Jesteśmy sporym konkurentem dla Niemiec? Wyspa Uznam walczy o turystów, a ci uciekają na polską stronę

gazeta.pl 1 tydzień temu
Zdjęcie: iStock/RicoK69


Niemieccy hotelarze załamują ręce, a wielu z nich liczy się z ogromnymi stratami. Wszystko przez liczne atrakcje po polskiej stronie wyspy Uznam, gdzie turyści chętnie spędzają wakacje i wolne weekendy. Tym samym nasi sąsiedzi tracą sporą część klienteli, która woli dokonać rezerwacji w Świnoujściu i okolicach.
Uznam to wyspa przybrzeżna na Bałtyku, znajdująca się na pograniczu Polski i Niemiec. To nie tylko atrakcyjny przyrodniczo i historycznie region, ale i miejsce, gdzie wiele osób decyduje się spędzić wakacje czy letnie weekendy. Niestety niemieccy hotelarze coraz częściej mają znikome obłożenie, przez co z każdym miesiącem tracą. Powodem ma być bogato rozwinięta, polska konkurencja.
REKLAMA


Zobacz wideo Nieoczywiste miejsca nad wschodnim Bałtykiem [VLOG]

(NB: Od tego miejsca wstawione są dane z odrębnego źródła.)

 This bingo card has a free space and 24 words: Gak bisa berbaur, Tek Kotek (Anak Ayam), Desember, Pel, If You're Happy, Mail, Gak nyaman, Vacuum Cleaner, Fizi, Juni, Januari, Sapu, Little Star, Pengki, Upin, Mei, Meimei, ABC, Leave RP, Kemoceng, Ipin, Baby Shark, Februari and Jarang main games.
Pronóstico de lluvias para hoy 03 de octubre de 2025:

Polskie atrakcje czy niemiecki porządek? Na wybrzeżu trwa walko o klienta
Niemieccy przedsiębiorcy apelują o wsparcie państwa i samorządu, które dotychczas było i jest niewystarczające. Problemem jest gwałtownie i prężnie rozwijającą się polska konkurencja, która zabiera niemal wszystkich klientów.

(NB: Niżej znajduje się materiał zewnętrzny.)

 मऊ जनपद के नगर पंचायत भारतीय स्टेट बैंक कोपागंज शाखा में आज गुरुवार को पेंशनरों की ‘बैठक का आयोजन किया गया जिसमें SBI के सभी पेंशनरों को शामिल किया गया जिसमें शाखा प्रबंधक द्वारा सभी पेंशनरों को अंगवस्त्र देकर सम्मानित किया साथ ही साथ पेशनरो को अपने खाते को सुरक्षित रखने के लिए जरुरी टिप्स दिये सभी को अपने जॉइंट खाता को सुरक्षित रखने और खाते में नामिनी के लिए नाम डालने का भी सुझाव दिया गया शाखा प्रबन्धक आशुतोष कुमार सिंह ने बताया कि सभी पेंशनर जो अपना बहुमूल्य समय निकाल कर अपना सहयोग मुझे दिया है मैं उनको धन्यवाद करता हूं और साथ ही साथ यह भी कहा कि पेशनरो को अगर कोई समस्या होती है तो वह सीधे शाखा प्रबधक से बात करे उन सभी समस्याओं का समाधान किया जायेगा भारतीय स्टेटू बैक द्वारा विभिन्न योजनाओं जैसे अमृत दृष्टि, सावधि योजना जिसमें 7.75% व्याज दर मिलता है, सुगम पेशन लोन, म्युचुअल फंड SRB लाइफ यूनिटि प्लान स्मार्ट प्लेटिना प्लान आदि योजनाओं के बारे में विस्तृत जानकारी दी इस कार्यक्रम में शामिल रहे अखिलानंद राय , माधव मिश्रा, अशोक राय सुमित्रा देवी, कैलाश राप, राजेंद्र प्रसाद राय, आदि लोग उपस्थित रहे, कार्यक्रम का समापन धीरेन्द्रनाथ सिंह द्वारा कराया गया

- Ludzie chcą podróżować, ale bardzo uważnie przyglądają się cenom. Tymczasem wybór za granicą jest ogromny, czasem też tańszy - skomentował niemiecki hotelarza w rozmowie z "Ostsee Zeitung". Jak dodał, latem jego hotel nie będzie wypełniony choćby w 70 proc., co zmusiło go do zwolnienia ponad 1/3 pracowników. Przedsiębiorcy największą konkurencję widzą w Polsce, gdzie ucieka znaczna część urlopowiczów.
Niemieckie plaże świecą pustkami. Turyści uciekają na polską część
Podzielona wyspa Uznam przeżywa w ostatnich sezonach prawdziwe oblężenie. Na nieszczęście niemieckich hotelarzy, najwięcej rezerwacji przypada właśnie na część polską. Turyści oceniają nasz region za bardziej atrakcyjny przez duży wybór restauracji i malowniczych kawiarni. Tymczasem za niemiecką granicą często menu jest znacznie uszczuplone, a ceny są znacznie wyższe.


Rozumiemy obawy pojawiające się na szczeblu lokalnym i regionalnym, słychać coraz więcej narzekań, a brak wykwalifikowanych pracowników, wyższe płace i rosnące koszty energii są prawdziwym obciążeniem


- skomentował w rozmowie z portalem Reise vor-9 dyrektor Stowarzyszenia Turystycznego Meklemburgii-Pomorza Przedniego i urzędnik odpowiedzialny za turystykę regionalną - Tobias Woitendorf.


Jak zaznaczają eksperci, prawdziwym obciążeniem dla zachodnich sąsiadów są nie tylko rosnące koszty energii, ale także braki wśród pracowników czy znacznie wyższe płace, które muszą pokryć właściciele hoteli, którzy i tak już zmuszeni są liczyć straty. Sami turyści zaznaczają, iż powodem może być także sam dojazd. Podróżni z Berlina i okolic od momentu otwarcia tunelu w Świnoujściu mają lepszą trasę - prawie cała droga to autostrada lub droga ekspresowa.